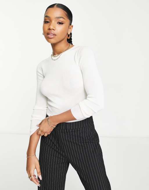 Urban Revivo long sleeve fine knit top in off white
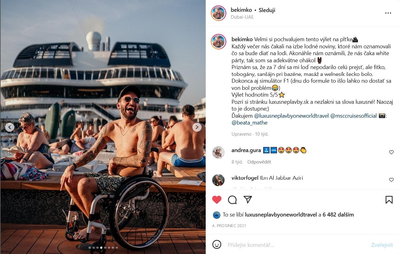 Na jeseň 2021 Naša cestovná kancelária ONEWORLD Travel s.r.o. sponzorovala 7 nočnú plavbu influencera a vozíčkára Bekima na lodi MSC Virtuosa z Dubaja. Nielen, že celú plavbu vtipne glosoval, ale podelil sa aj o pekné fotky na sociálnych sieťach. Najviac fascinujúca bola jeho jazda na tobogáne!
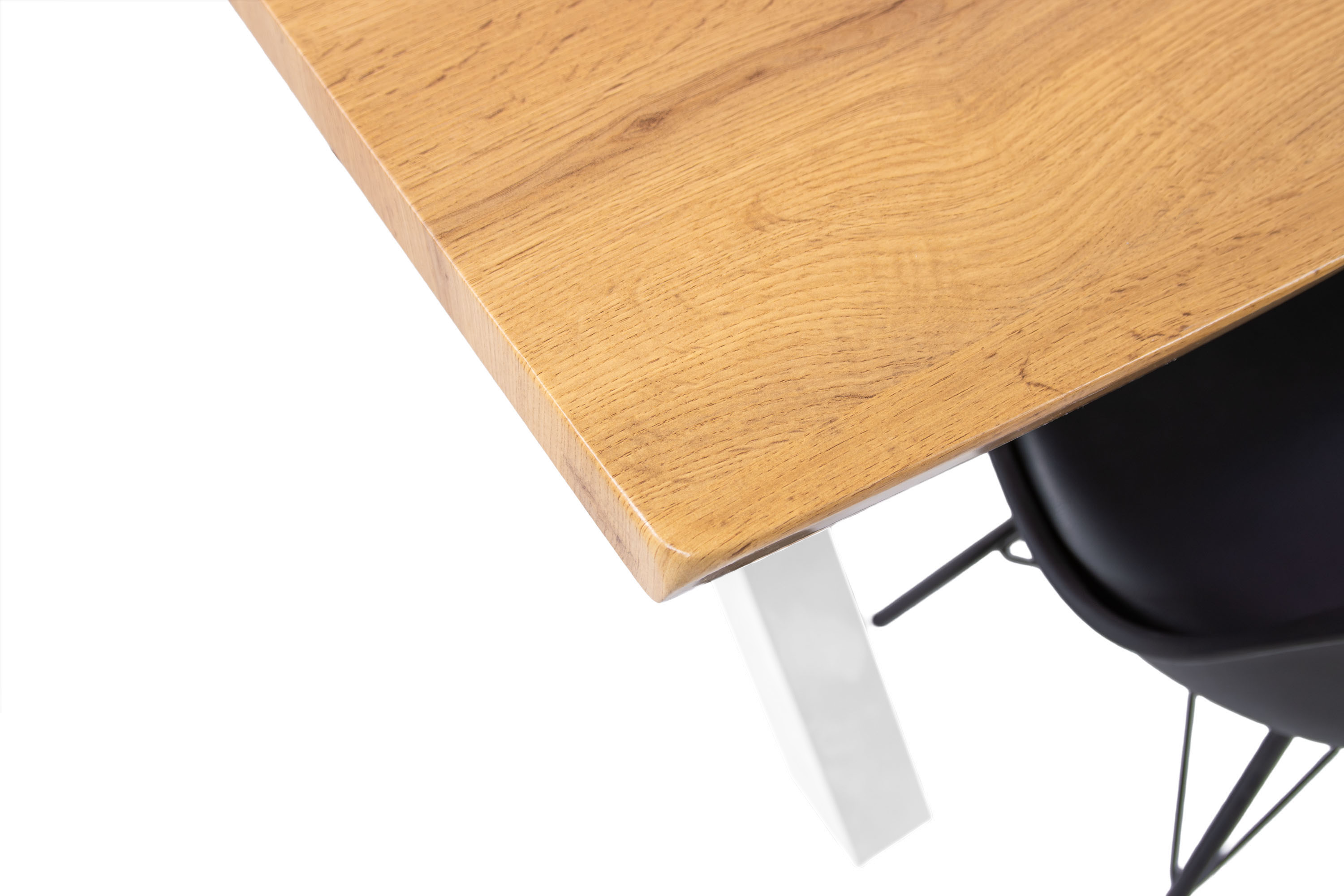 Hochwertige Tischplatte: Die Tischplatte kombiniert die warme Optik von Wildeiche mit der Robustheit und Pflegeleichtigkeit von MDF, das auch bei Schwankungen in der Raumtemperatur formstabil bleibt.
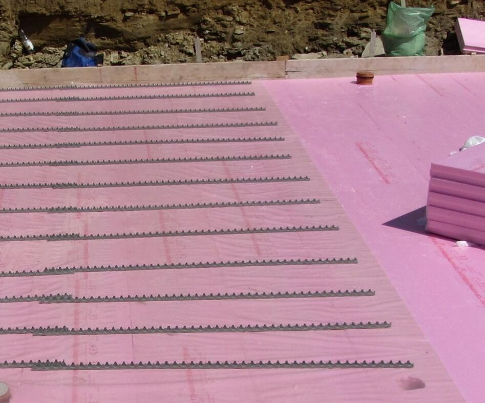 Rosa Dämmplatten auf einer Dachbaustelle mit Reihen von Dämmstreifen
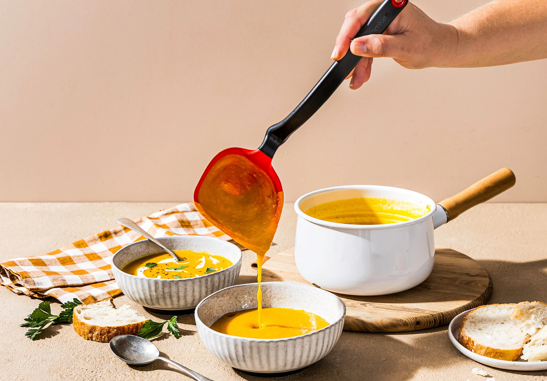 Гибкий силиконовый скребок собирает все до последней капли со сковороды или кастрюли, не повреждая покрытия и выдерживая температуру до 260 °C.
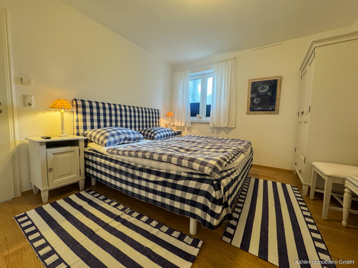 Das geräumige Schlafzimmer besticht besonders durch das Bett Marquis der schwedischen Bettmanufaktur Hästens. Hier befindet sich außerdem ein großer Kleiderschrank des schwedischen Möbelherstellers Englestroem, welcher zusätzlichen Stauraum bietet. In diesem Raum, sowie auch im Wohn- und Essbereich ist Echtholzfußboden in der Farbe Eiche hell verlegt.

== == ==

Using the records above, extract exactly and only the lines from the one with "Гибкий силиконовый скребок" through the final line, inclusive, leaving out pictures.

Problem solution:
 Гибкий силиконовый скребок собирает все до последней капли со сковороды или кастрюли, не повреждая покрытия и выдерживая температуру до 260 °C.
 Das geräumige Schlafzimmer besticht besonders durch das Bett Marquis der schwedischen Bettmanufaktur Hästens. Hier befindet sich außerdem ein großer Kleiderschrank des schwedischen Möbelherstellers Englestroem, welcher zusätzlichen Stauraum bietet. In diesem Raum, sowie auch im Wohn- und Essbereich ist Echtholzfußboden in der Farbe Eiche hell verlegt.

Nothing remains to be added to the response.